Introduction
Passwords are the first line of defense for every account and system. Despite decades of password advice, most people still use weak passwords that can be cracked in seconds.
This guide covers password security best practices for 2025. How to create strong passwords, avoid common mistakes, and protect your accounts from compromise.
How It Works
Password strength is about entropy - how many possible combinations an attacker has to try. More entropy = harder to crack.
The math:
- 8-character password with lowercase only: 26^8 = 208 billion combinations (cracked in seconds)

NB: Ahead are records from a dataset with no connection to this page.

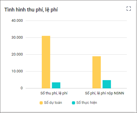 - Biểu đồ cột Tình hình thu phí, lệ phí: Xem Số dự toán và Số thực hiện của Số thu phí, lệ phí và Số phí, lệ phí nộp NSNN.
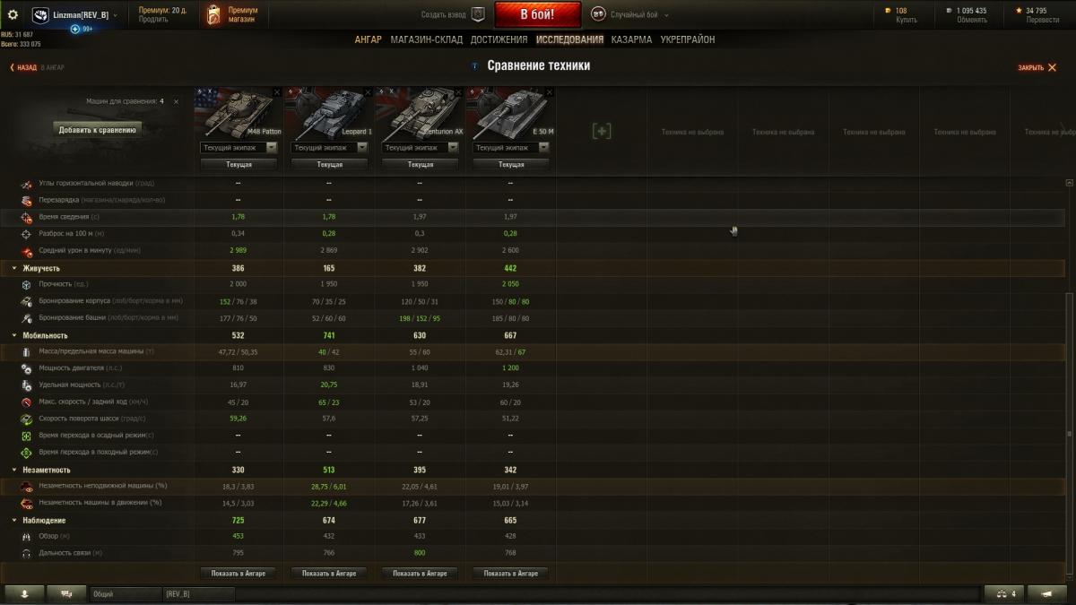 Доброго времени суток, играя в рандоме на Patton48 за последние 2-а патча ( проявилось больше всего) обратил внимание что очень сильно светится " как новогодняя елка" стоя в кустах не стреляя , это начало поткидывать , бесить, ты не понимаешь как, хотя обзор лучший и не знаешь кто , даже "ТУША" е50м светится меньше. Проведу статистику "незаметности " среди M48 Patton , E50M,Centurion AX, Leopard 1 так-как играю на этих танках и являются достаточно крупными ст. Сравнение (незаметности) танков с экипаж 100% без перков + камуфляж + вентилятор M48 Patton - неподвижен 11,27 % , в движении 9,21% Leopard 1 - неподвижен 17,08% , в движении 13,55% Centurion AX- неподвижен 15,03% , в движении 12,01% E50M - неподвижен 12,86%, в движении 10,48% ( эта туша даже в стоке менее заметен , но экипаж без перков) . Зная габариты этих танков уже хочется призадуматься в чем подвох ? Почему? Сравнение этих танков с перками , основные перки влияющие на незаметность это маскировка +боевое братство+камуфляж.( Ниже я прикреплю файлы с перками своих танков из ангара если кому интересно) M48 Patton - 5,39 перка , 400% незаметности по экипажу (братство и камуфляж на всех танках ) - 18,3% / 14,5% ( наблюдение 725, обзор 510) ( 2308 боев) Leopard 1- 4-е перка 388% незаметности по экипажу - 28,75% / 22,29% Centurion AX- 4,29 перка 260% незаметности по экипажу -22,05% / 17,29% E50M- 4,62 перка 362% незаметности по экипажу - 19,01 / 15,03% M48patton меньше по габаритам даже Centurion AX про E50M и не стоит говорить. ВОПРОС!!! В ЧЕМ Я ОШИБСЯ? ПОЧЕМУ ПОЛУЧАТСЯ ТАКАЯ ЕРУНДА? WG - ЗАБИЛО БОЛТ НА ЭТОТ ТАНК?( не нужно писать про его дпм и что ему кд подняли) . Centurion AX - в следующем патче АП по скорости , динамике и пушке , да он и так нормальный хоть успевает смыться при за свете и быстро перемещается по карте да и пушка у него точнее чем у M48 Patton. На M48 Patton уйти при за свете очень тяжело . В патче 17.0.3. бк вылетае при 2-м попадании, мехвод контужен постоянно, ствол начал ломаться, танк начал гореть чаще, как-то печально . ЧИТОВ В ИГРЕ УВЕЛИЧИЛОСЬ???? Не нужно писать про игру от красной линии это все таки ст , на Зигфрида, Энске, Сталинград, Париж, Химки и других картах такая вата не прокатит постоянно , урон вкидываешь а команда дохнет. Может пора его АПАТЬ ???
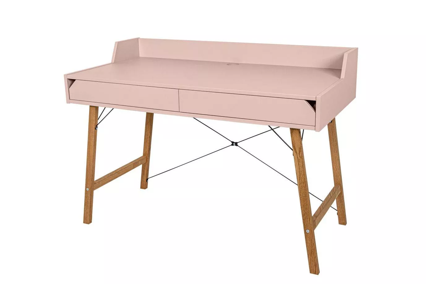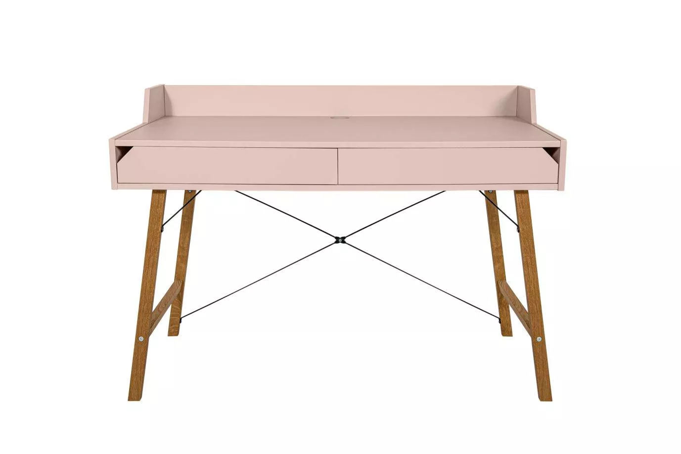 Biurko zaprojektowane z dbałością o szczegóły, proste w formie o minimalistycznym designie. Posiada dwie pojemne szuflady, ograniczenie blatu oraz otwór do przełożenia kabli, dzięki któremu utrzymasz na biurku porządek i unikniesz bałaganu w kablach.
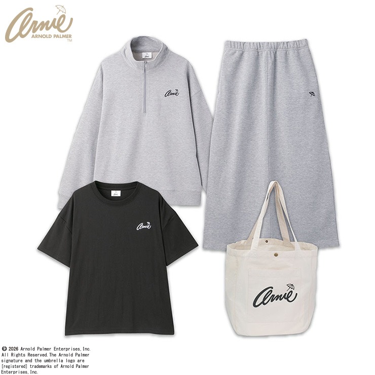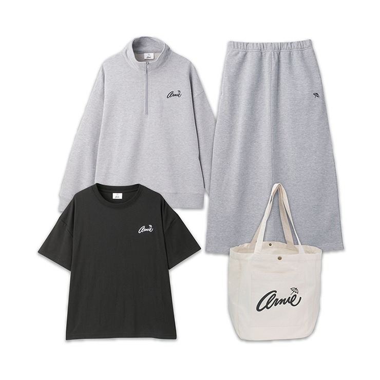 裏起毛のハーフジップトレーナー、スカートとTシャツ、トートバッグの4点セットです。
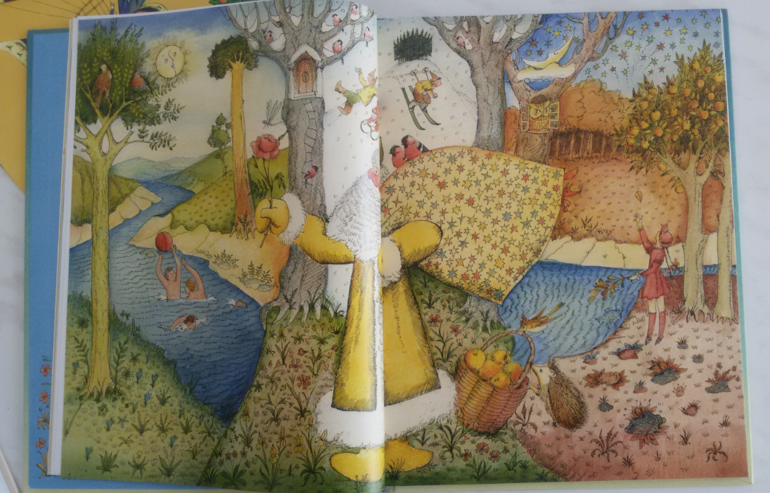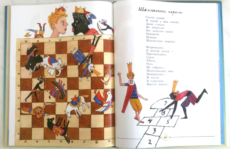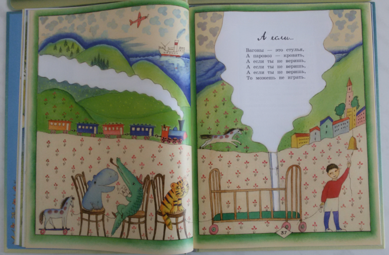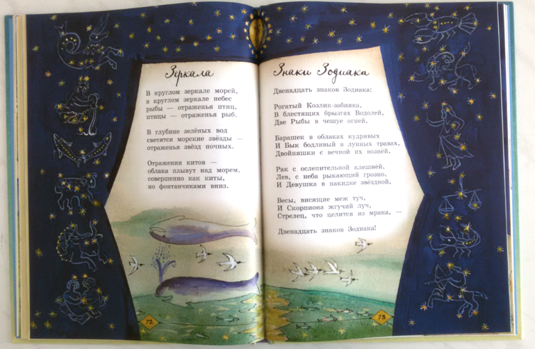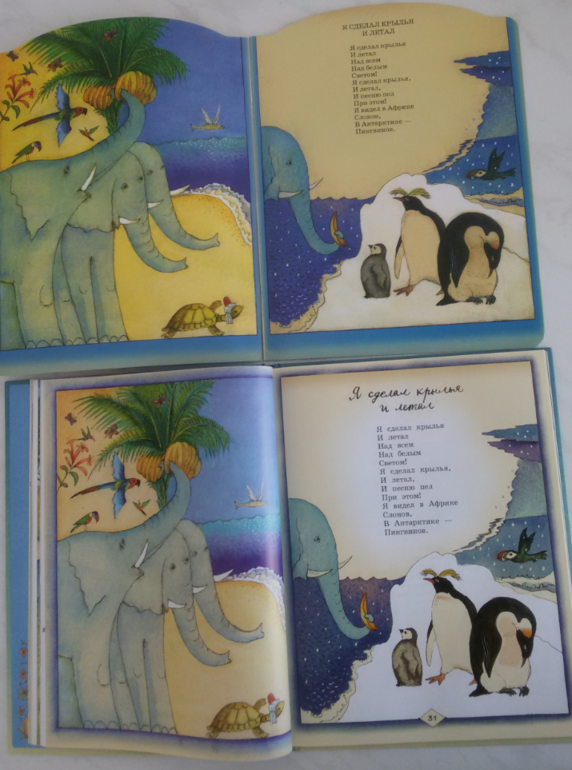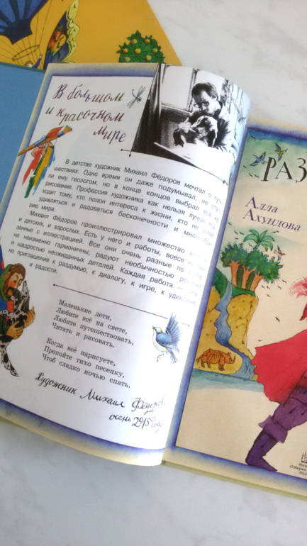 У нас уже была дома тонкая книга со стихами Романа Сефа "Я сделал крылья и летал" от издательства "Центрполиграф", и сын, и я, ее нежно любили, двухлетний ребенок с замиранием слушал чудесные стихи и разглядывал волшебные иллюстрации. Очень я жалела что эта книжечка в урезанном варианте. Есть у нас Сеф от Речи, но все же там иллюстрации для деток постарше. И вот издательство Лабиринт сделало огромный подарок маленьким и большим читателям, издав сборник стихов с иллюстрациями Федорова, с полным вариантом Сефа, да еще в компании двух замечательных поэтов - Аллы Ахундовой и Григория Кружкова. На мой взгляд качество печати лучше чем в тонкой книге Центрполиграфа. Цвета более чистые и звонкие. Поистине волшебная книга получилась у Лабиринта. Ниже представлю фото страниц, сначала иллюстрации к стизам Ахундовой, потом Сеф и Кружков. Сефа сравнила с изданием Центрполиграфа.

- 8-character with mixed case + numbers + symbols: 95^8 = 6.6 quadrillion combinations (hours to days)
- 16-character with lowercase only: 26^16 = 43 quindecillion combinations (centuries)
Each additional character matters exponentially:
- 8 chars: 95^8 = 6.6 quadrillion
- 9 chars: 95^9 = 630 quadrillion (95x harder)
- 10 chars: 95^10 = 59 quintillion (95x harder again)
Modern GPUs can try billions of passwords per second. A weak 8-character password gets cracked in hours. A strong 16-character password takes millions of years.
Why length beats complexity:
P@ssw0rd!(10 chars, complex) = 95^10 combinationscorrecthorsebatterystaple(25 chars, simple) = 26^25 combinations
The 25-character password is vastly stronger despite being “simpler.” Length is the multiplier.
Defense in depth:
Password security works in layers. No single defense stops every attack, but combining these strategies blocks most threats:
- Long passwords (16+ characters) make cracking impractical
- Unique passwords isolate breaches to single sites
- Password managers handle the complexity for you
- 2FA blocks attackers even if they steal your password
For a deep dive into how attackers compromise accounts and which defenses stop which attacks, see our Account Attack Vectors and Defense Layers guide.
Best Practices
1. Use a Password Manager
Why: You need 50-100+ unique passwords. Human memory can’t handle that. Password managers generate, store, and auto-fill strong passwords.
Available options (all solid choices):
- Bitwarden - Open source, free tier, self-hostable
- 1Password - User-friendly, family plans, travel mode
- Dashlane - VPN included, dark web monitoring
- KeePassXC - Fully offline, open source, no cloud
- LastPass - Free tier, established platform
- Proton Pass - Privacy-focused, from Proton Mail team
- Apple Keychain - Built into macOS/iOS, seamless integration
- Google Password Manager - Built into Chrome/Android, zero setup
Choose based on your needs: cross-platform support, self-hosting, privacy focus, or convenience. Any password manager is better than reusing passwords.
Setup checklist:
- Enable master password (20+ characters)
- Enable 2FA on the password manager itself
- Set up emergency access for trusted contacts
- Use auto-generated passwords (16-32 characters)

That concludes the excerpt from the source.